Дорогой мой человек - Юрий Герман
Шрифт:
Интервал:
Закладка:
— Врете вы все, — скучным голосом сказал Постников. — Врете, как всю жизнь врали. Вы ведь врун…
— А хотите, я вам отдам все свои драгоценности? — предложил вдруг, дернувшись всем своим коротконогим, тучным телом, Жовтяк. — Желаете, Иван Дмитриевич? Я богатый, очень богатый, и у меня много всего, так много, что даже эвакуировать я свои ценности не смог. Это, в сущности, меня, так сказать, и… лимитировало в смысле отъезда. Послушайте, Иван Дмитриевич! Ценнейшие полотна очень, очень старых мастеров, дивный хрусталь, фарфор, уникальнейший фаянс…
— На когда назначена «акция»? — не слушая Жовтяка, спросил Постников. Когда начнется это массовое убийство?
Геннадий Тарасович ответил с готовностью, сделав даже шажок вперед:
— Сегодня, Иван Дмитриевич! Операция называется «Мрак и туман XXI». Это у них так заведено, такой, знаете ли, стиль. По принципу «плащ и шпага». Первым — онкологический институт наш, потом психиатрическая клиника и так далее. Все больницы и, разумеется, евреи по списку. В специальных автофургонах…
В воздухе он руками изобразил автофургон.
— И именно с вами все согласовали? — учтиво спросил Иван Дмитриевич. Все эти и прочие подробности?
— Иван Дмитриевич, — переходя на доверительный тон и вдруг на что-то понадеявшись, воскликнул Жовтяк, — поймите же меня в конце концов: в условиях тирании активное сопротивление захватчикам можно осуществлять, только делая вид, что совершенно лоялен и даже полностью на их стороне. Открыто выступать против введенного ими режима — глупость! Да, да, я думал об этом, размышлял! Допустим, я сознательно иду на смерть, принимаю, так сказать, венец терновый. И что? Любое мученичество канет в Лету, потому что имя мое будет запрещено упоминать. Так для чего же…
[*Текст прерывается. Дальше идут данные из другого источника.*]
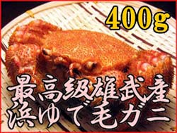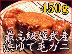 身がぎっしり!カニみそもたっぷり!雄武産毛ガニ 450g前後×1尾【冷凍便】 価格: 3,000円 レビュー評価: 0.0 レビュー数:0 北海道の毛ガニの中でも、最高級の品質を誇る雄武産の毛ガニをお届けします。ふんわりと甘い身は、足の先までびっちり!甲羅の中には、とろけるように濃厚なカニみそがたっぷり!身入りの悪いかに(脱皮直後のカニなど)や、極端に小型のかには一切販売しておりません。新鮮な毛がにを、かにゆで名人が浜ゆでにし、美味しさそのままに急速冷凍しました。自然解凍するだけで、浜ゆでのおいしさをお楽しみいただけます。カニ好きな方へのギフトや、お中元、お歳暮にも最適の高品質の毛ガニです。商品の詳細情報●商品内容雄武(おうむ)産 浜ゆで毛ガニ450g前後×1尾●賞味期限冷蔵1日 冷凍1ヶ月●お召し上がり方自然解凍してお召し上がり Supported by 楽天ウェブサービス |

— Я у вас не о том спрашивал, — перебил Постников. — Мне эти ваши пошлости не интересны. Я у вас спрашивал — согласовывали ли с вами они все подробности того, что там именуется «акцией»?
— А как же? Непременно! То есть я, конечно, только в курсе, у меня голос ведь совещательный…
— Совещательный! — машинально глуховатым голосом повторил Постников; ладонь левой руки он прижал к виску, а правой рукой держал пистолет стволом книзу. — И вы ничего не могли сделать? Вы не могли немедленно хоть меня предупредить? Ведь мы бы… ну хоть кого-то спасли, унесли, украли, утащили. Мы бы… да хоть тот же Ганичев? Вы же знали, что я прооперировал Федора Владимировича, резецировал ему желудок, вы знаете, что метастазов не было, а теперь выходит — Ганичева отправят в душегубку, отравят, уничтожат? Так? А он — ученый, он всем нам не чета, он…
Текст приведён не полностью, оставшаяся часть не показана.